--- How to complete this task ---
Once you reach the line with "Oprindelse: Antikke italienske" below, copy each line exactly, stopping after the line with "Ann Taylor LOFT", and skip any pictures.

--- The input ---
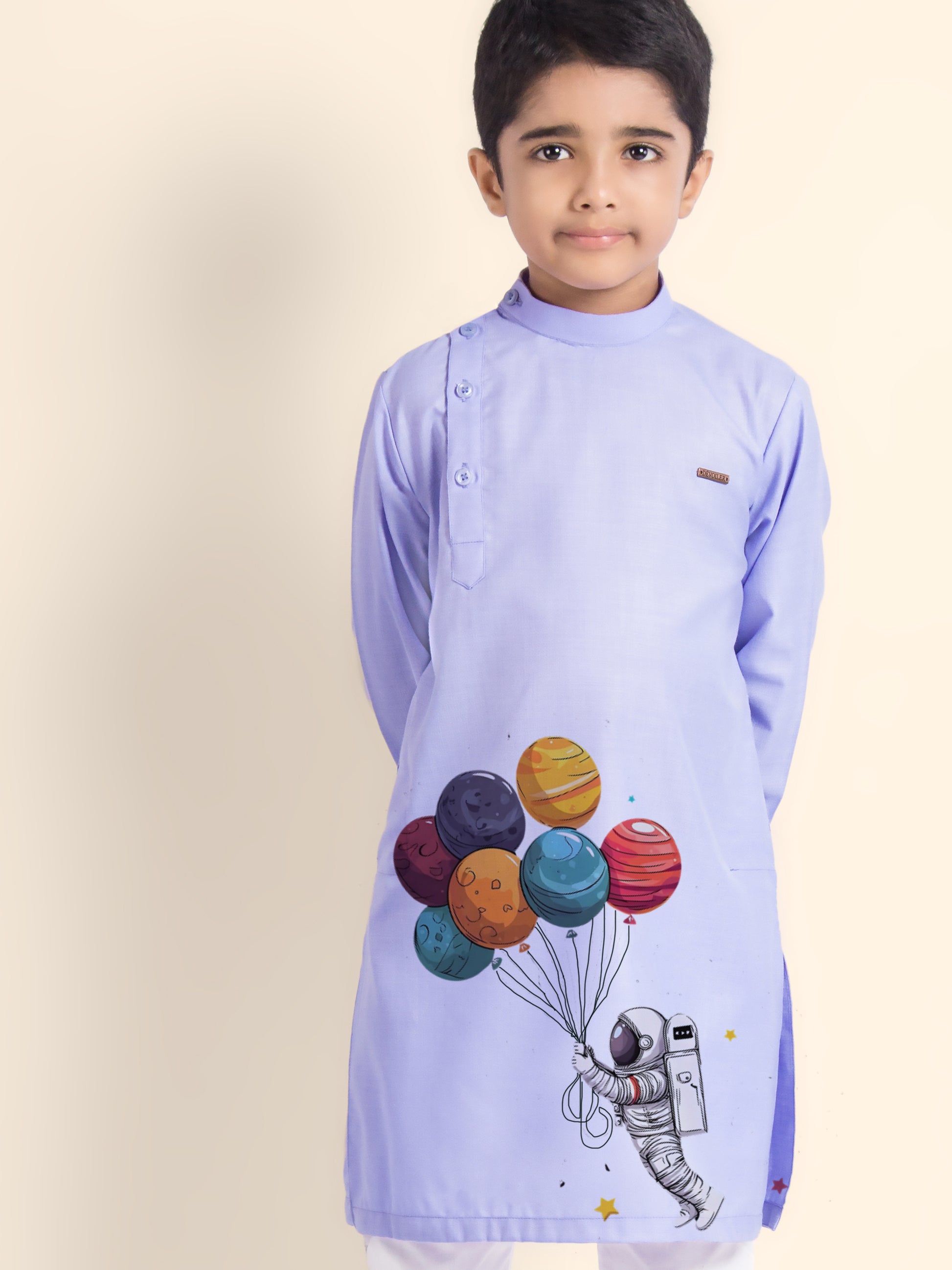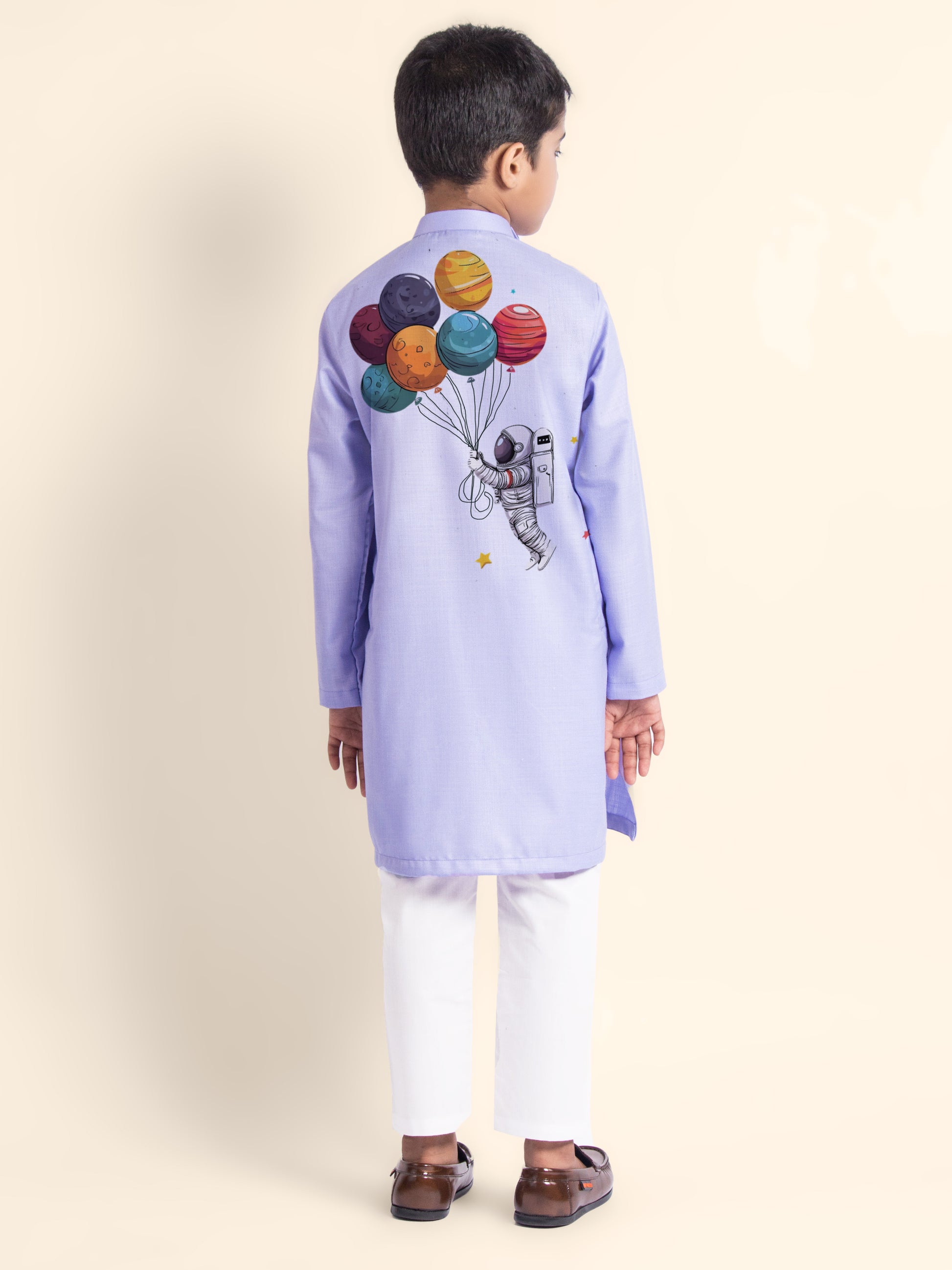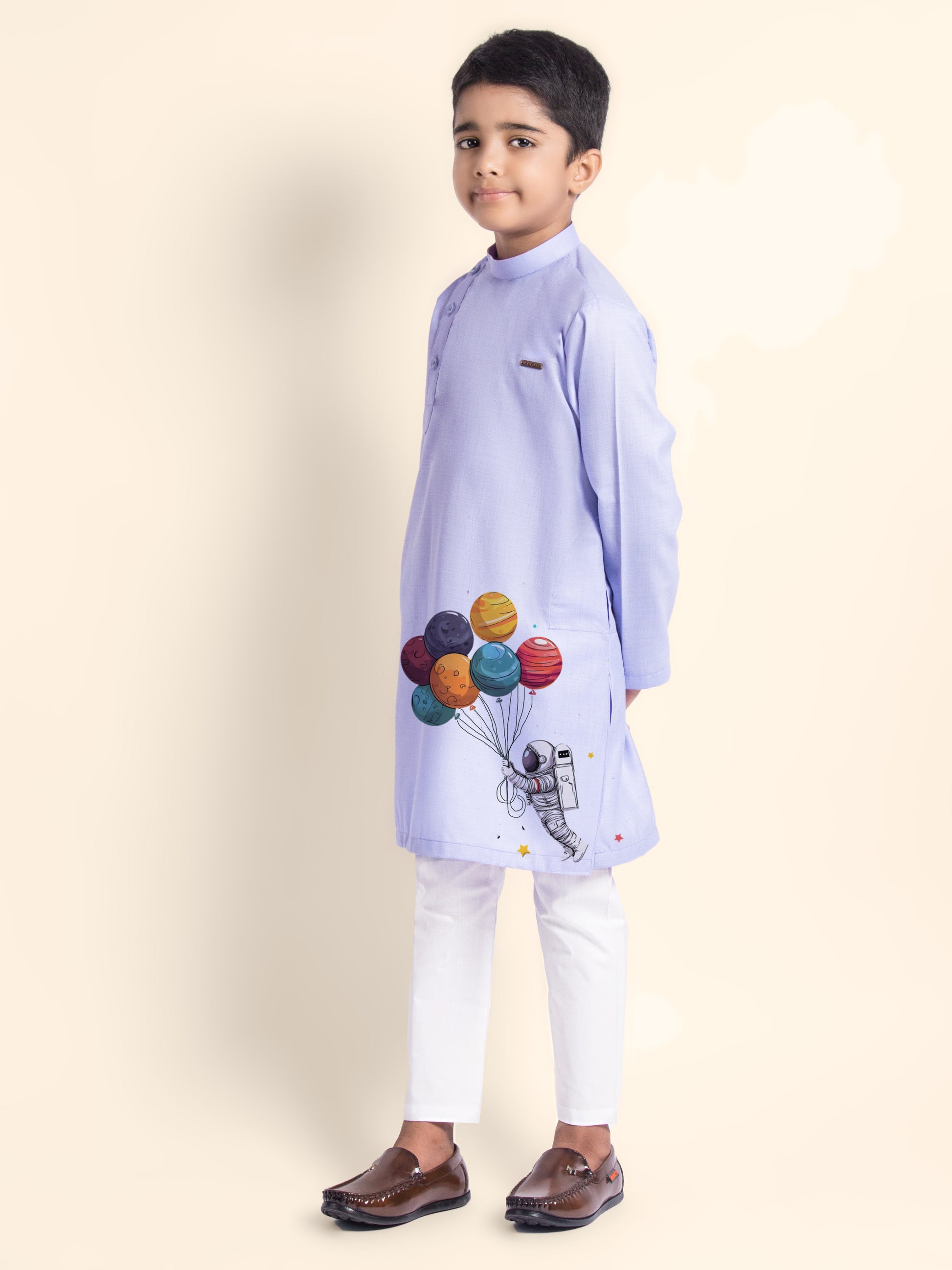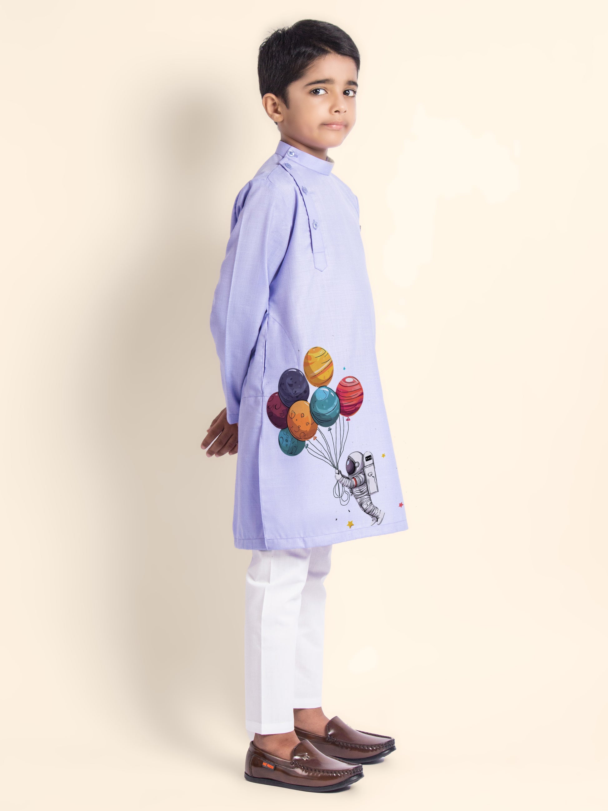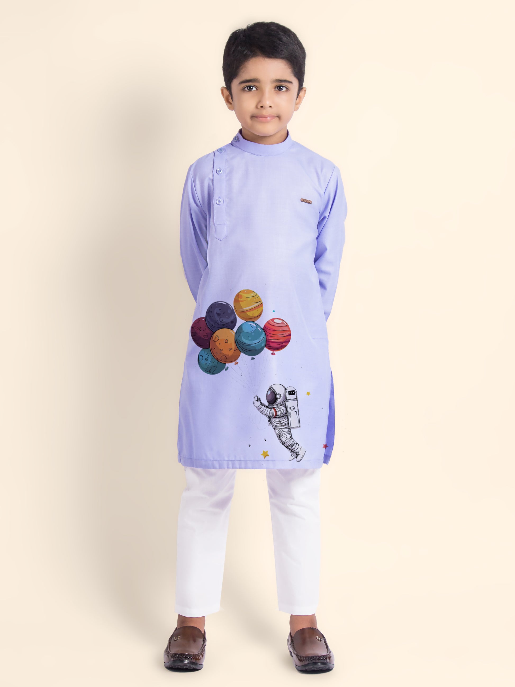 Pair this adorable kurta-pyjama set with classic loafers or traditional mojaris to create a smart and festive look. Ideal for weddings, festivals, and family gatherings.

==

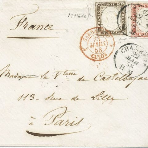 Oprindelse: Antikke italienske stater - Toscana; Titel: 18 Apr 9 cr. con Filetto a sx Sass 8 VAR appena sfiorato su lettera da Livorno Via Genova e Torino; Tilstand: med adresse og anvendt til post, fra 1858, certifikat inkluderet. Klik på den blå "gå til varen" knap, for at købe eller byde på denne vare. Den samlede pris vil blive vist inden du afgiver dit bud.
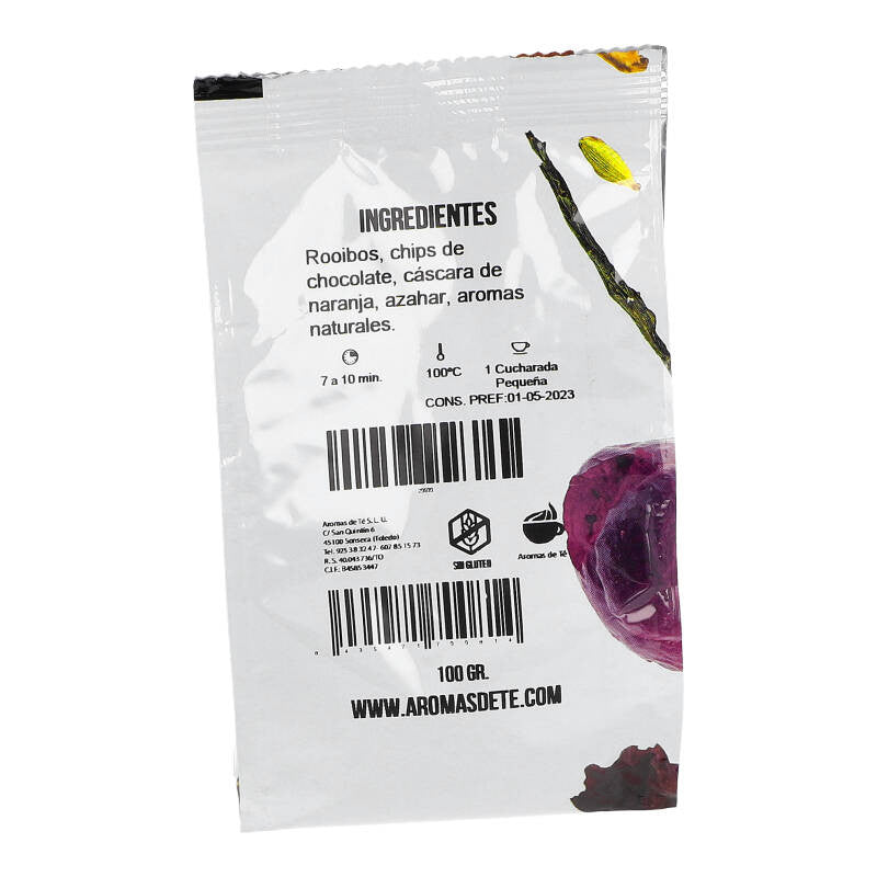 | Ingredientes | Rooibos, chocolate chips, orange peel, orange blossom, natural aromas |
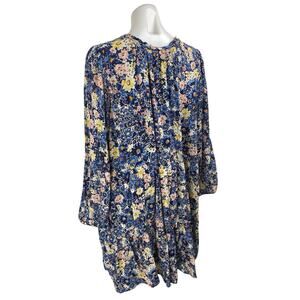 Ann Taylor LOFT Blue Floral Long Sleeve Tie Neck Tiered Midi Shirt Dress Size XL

--- Answer area ---
 Oprindelse: Antikke italienske stater - Toscana; Titel: 18 Apr 9 cr. con Filetto a sx Sass 8 VAR appena sfiorato su lettera da Livorno Via Genova e Torino; Tilstand: med adresse og anvendt til post, fra 1858, certifikat inkluderet. Klik på den blå "gå til varen" knap, for at købe eller byde på denne vare. Den samlede pris vil blive vist inden du afgiver dit bud.
 | Ingredientes | Rooibos, chocolate chips, orange peel, orange blossom, natural aromas |
 Ann Taylor LOFT Blue Floral Long Sleeve Tie Neck Tiered Midi Shirt Dress Size XL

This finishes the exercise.